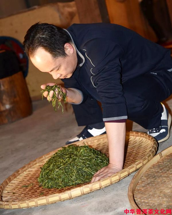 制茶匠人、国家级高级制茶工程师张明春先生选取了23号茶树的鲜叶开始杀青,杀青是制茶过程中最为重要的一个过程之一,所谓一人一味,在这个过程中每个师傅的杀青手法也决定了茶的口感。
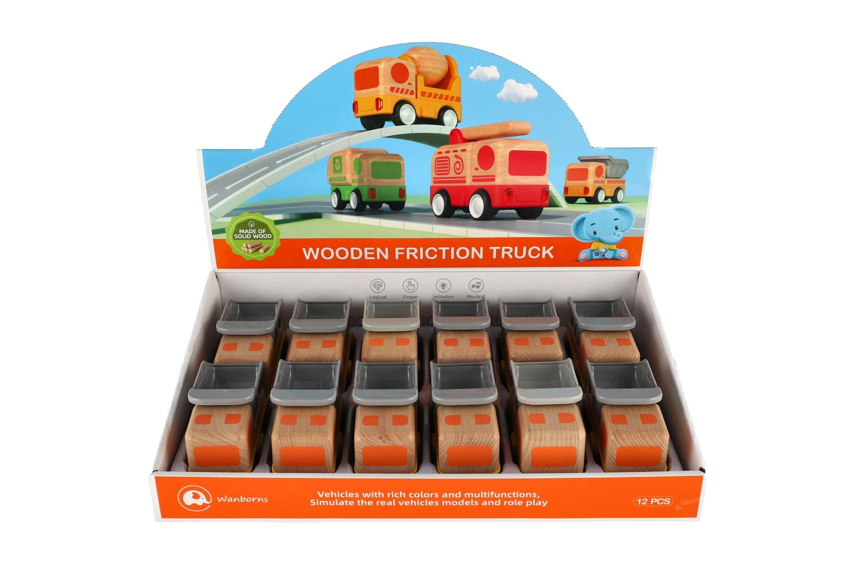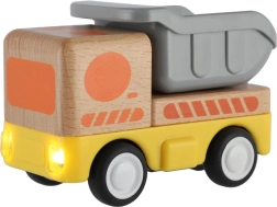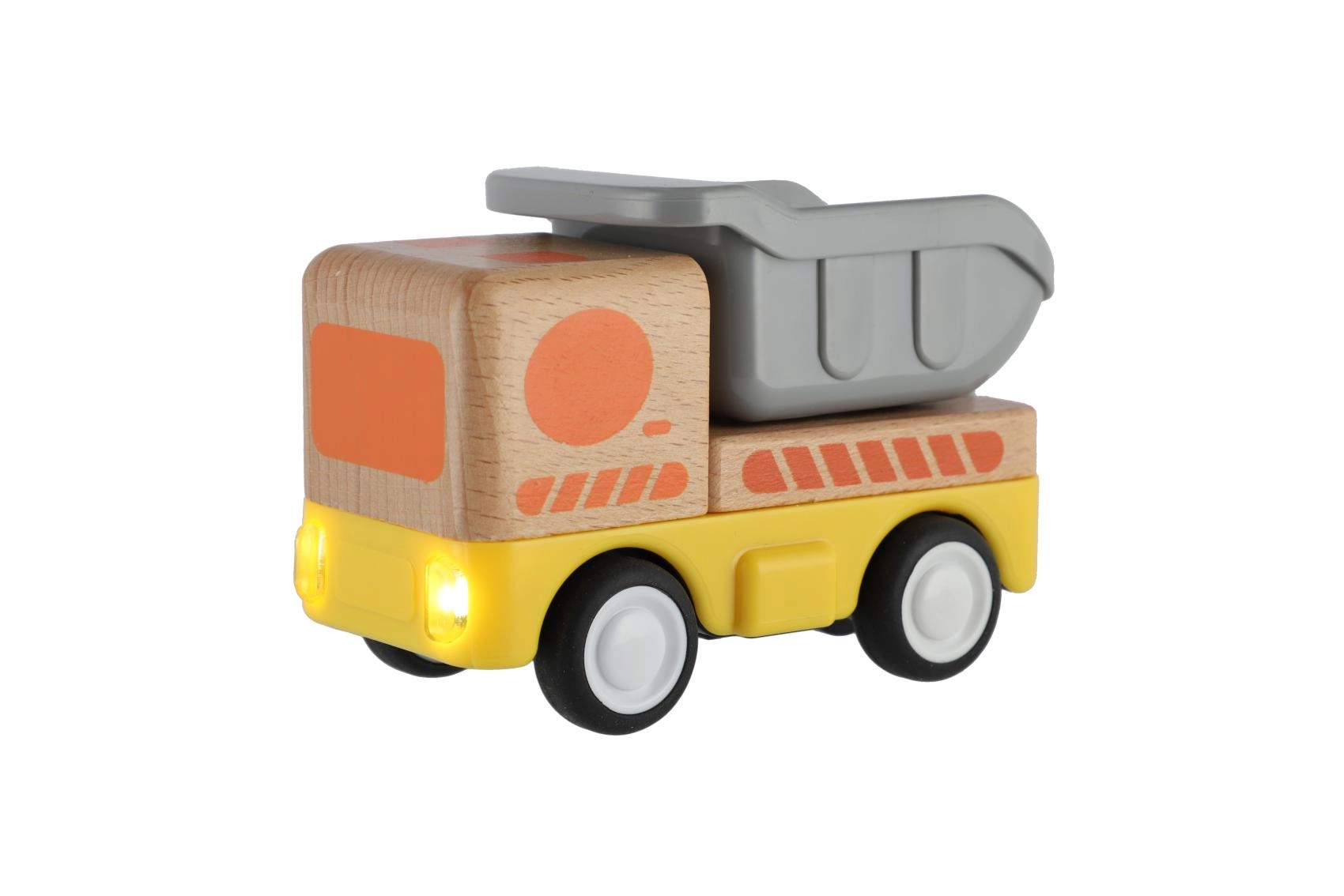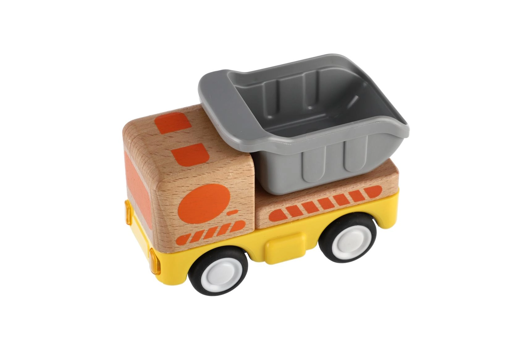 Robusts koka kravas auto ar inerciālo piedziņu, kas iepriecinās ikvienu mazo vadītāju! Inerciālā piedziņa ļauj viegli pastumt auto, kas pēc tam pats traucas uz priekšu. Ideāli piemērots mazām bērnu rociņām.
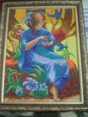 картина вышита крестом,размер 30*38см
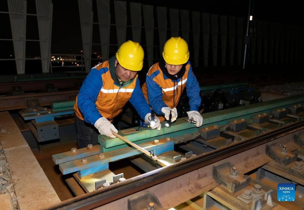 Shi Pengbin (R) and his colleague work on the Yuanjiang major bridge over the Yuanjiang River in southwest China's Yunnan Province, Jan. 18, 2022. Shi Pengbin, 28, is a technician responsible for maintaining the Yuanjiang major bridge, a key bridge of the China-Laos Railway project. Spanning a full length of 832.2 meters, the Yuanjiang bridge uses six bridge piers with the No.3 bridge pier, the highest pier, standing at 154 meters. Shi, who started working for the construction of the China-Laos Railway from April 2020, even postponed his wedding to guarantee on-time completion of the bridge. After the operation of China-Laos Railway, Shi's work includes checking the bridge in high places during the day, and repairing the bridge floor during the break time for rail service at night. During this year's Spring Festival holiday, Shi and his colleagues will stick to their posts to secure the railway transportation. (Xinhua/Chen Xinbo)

==

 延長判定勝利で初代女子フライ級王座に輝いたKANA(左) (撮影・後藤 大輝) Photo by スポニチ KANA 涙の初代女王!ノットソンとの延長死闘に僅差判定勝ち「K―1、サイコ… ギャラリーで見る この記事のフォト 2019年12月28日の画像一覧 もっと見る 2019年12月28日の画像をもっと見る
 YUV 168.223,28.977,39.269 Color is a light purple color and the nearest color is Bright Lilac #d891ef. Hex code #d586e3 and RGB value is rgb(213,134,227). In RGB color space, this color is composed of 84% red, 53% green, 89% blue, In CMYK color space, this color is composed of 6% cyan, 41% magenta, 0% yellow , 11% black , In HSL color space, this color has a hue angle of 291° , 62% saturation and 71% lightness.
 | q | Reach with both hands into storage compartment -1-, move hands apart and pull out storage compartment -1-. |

...

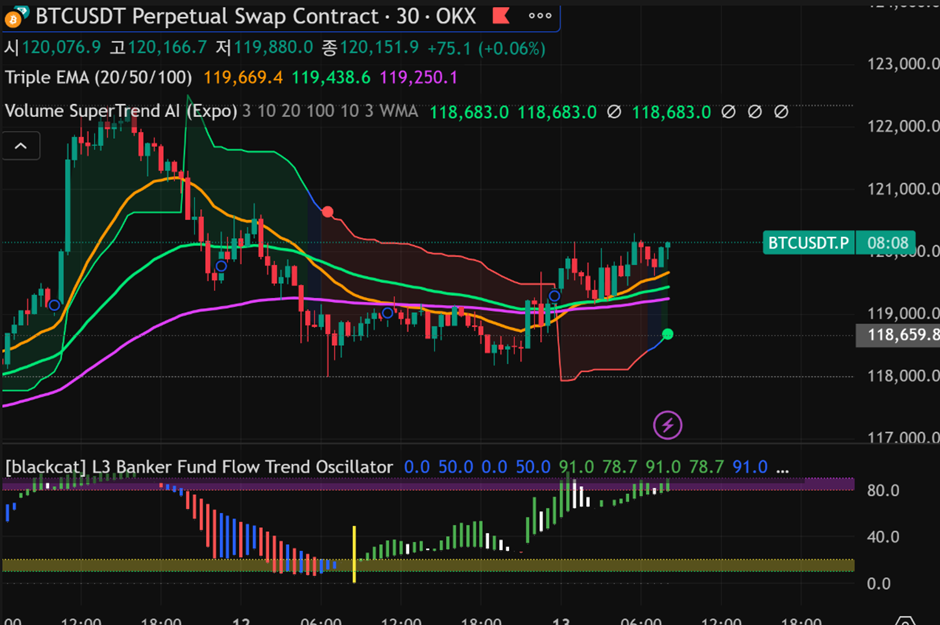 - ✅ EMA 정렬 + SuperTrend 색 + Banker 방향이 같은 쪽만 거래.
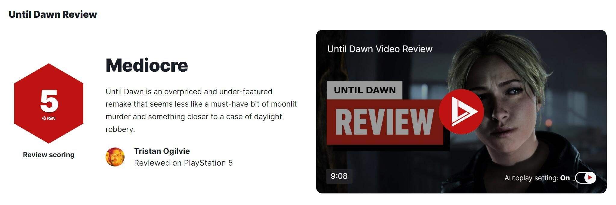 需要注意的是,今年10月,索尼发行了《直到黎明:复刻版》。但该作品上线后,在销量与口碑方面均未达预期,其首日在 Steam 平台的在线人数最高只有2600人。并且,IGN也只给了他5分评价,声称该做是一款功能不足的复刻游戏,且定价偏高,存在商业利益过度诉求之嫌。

■ **TASK GOAL**:
Using the data above, transcribe exactly the lines between those containing "制茶匠人、国家级高级制茶工程" and "картина вышита крестом,размер 30*38см", inclusive, and leave every picture behind.

■ **OUTPUT FOR THIS EXERCISE**:
 制茶匠人、国家级高级制茶工程师张明春先生选取了23号茶树的鲜叶开始杀青,杀青是制茶过程中最为重要的一个过程之一,所谓一人一味,在这个过程中每个师傅的杀青手法也决定了茶的口感。
 Robusts koka kravas auto ar inerciālo piedziņu, kas iepriecinās ikvienu mazo vadītāju! Inerciālā piedziņa ļauj viegli pastumt auto, kas pēc tam pats traucas uz priekšu. Ideāli piemērots mazām bērnu rociņām.
 картина вышита крестом,размер 30*38см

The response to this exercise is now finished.